Literature DB >> 18509327

Pharmacogenetic pathway analysis of docetaxel elimination.

S D Baker1, J Verweij, G A Cusatis, R H van Schaik, S Marsh, S J Orwick, R M Franke, S Hu, E G Schuetz, V Lamba, W A Messersmith, A C Wolff, M A Carducci, A Sparreboom.   

Abstract

The purpose of this study was to evaluate the affinity of docetaxel for 14 transporter proteins and assess the functional significance of 17 variants in five genes involved in drug elimination. Among the transfected models investigated, OATP1B3 (SLCO1B3) was identified as the most efficient influx transporter for docetaxel.
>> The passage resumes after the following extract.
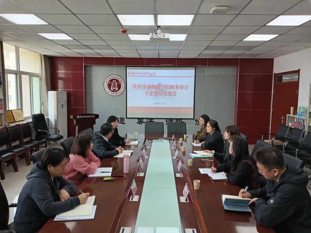 3月12日下午,陕西学前师范无码av经济与管理无码av副院长徐晗、会计系主任程莉娜、财务管理系主任任建华及骨干教师等一行5人来无码av 就财务审计专业建设调研交流,无码av 副院长杨柳青,财务审计系主任李普玲、副主任张瑛参会。双方围绕财务管理、审计学专业建设、人才培养方案制定修改、师资互访等议题进行了深入座谈。
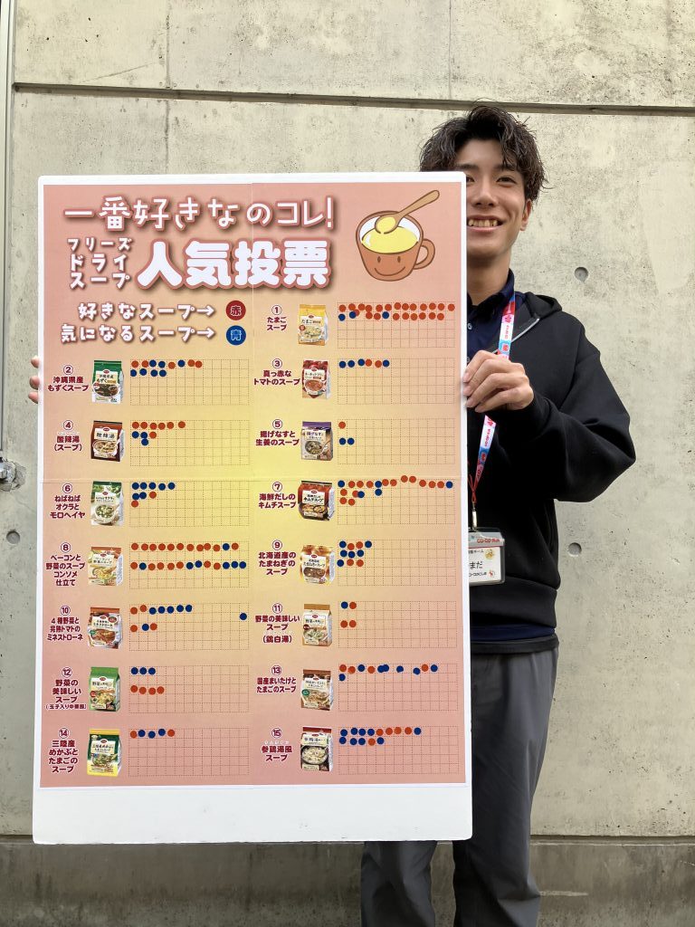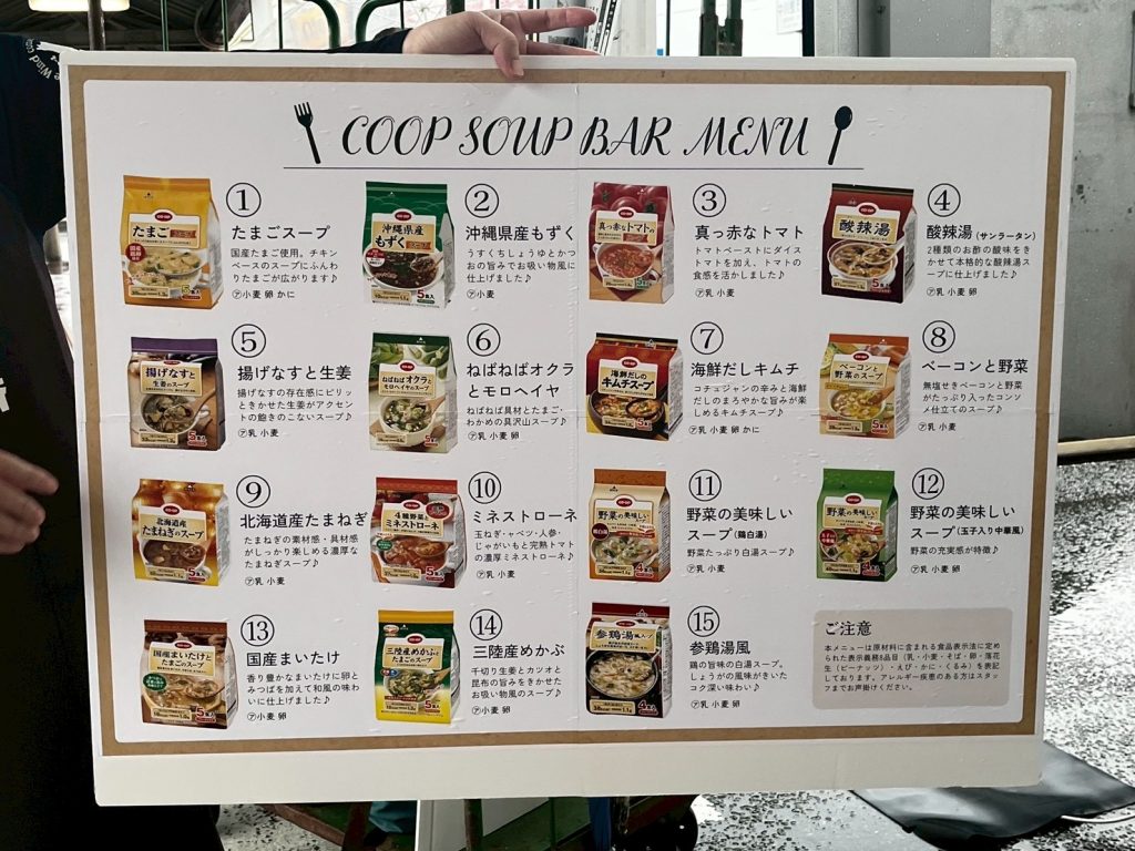 無店舗事業本部が出展した「COOP SOUP BAR」では、コープのフリーズドライスープ商品を全17種類ご用意し、無料で来場者に振る舞いました。同時に商品の人気投票が行われましたので、その結果もご紹介します。

None of the observed genotypes (SLCO1B3, ABCB1, and ABCC2) was related with docetaxel clearance in 92 white patients (P > 0.17). However, the simultaneous presence of the CYP3A4*1B and CYP3A5*1A alleles was associated with a 64% increase in docetaxel clearance (P = 0.0015), independent of both sex and CYP3A activity (as determined using the erythromycin breath test). This haplotype was also associated with increased midazolam clearance in another population (P = 0.0198). An analysis of the CYP3A locus among CEPH-HapMap samples revealed that CYP3A4*1B is present exclusively among a subset of CYP3A5 expressors. Therefore, future studies should first stratify the population on the basis of CYP3A5 genotype and then compare CYP3A activity between individuals with and without the CYP3A4*1B allele.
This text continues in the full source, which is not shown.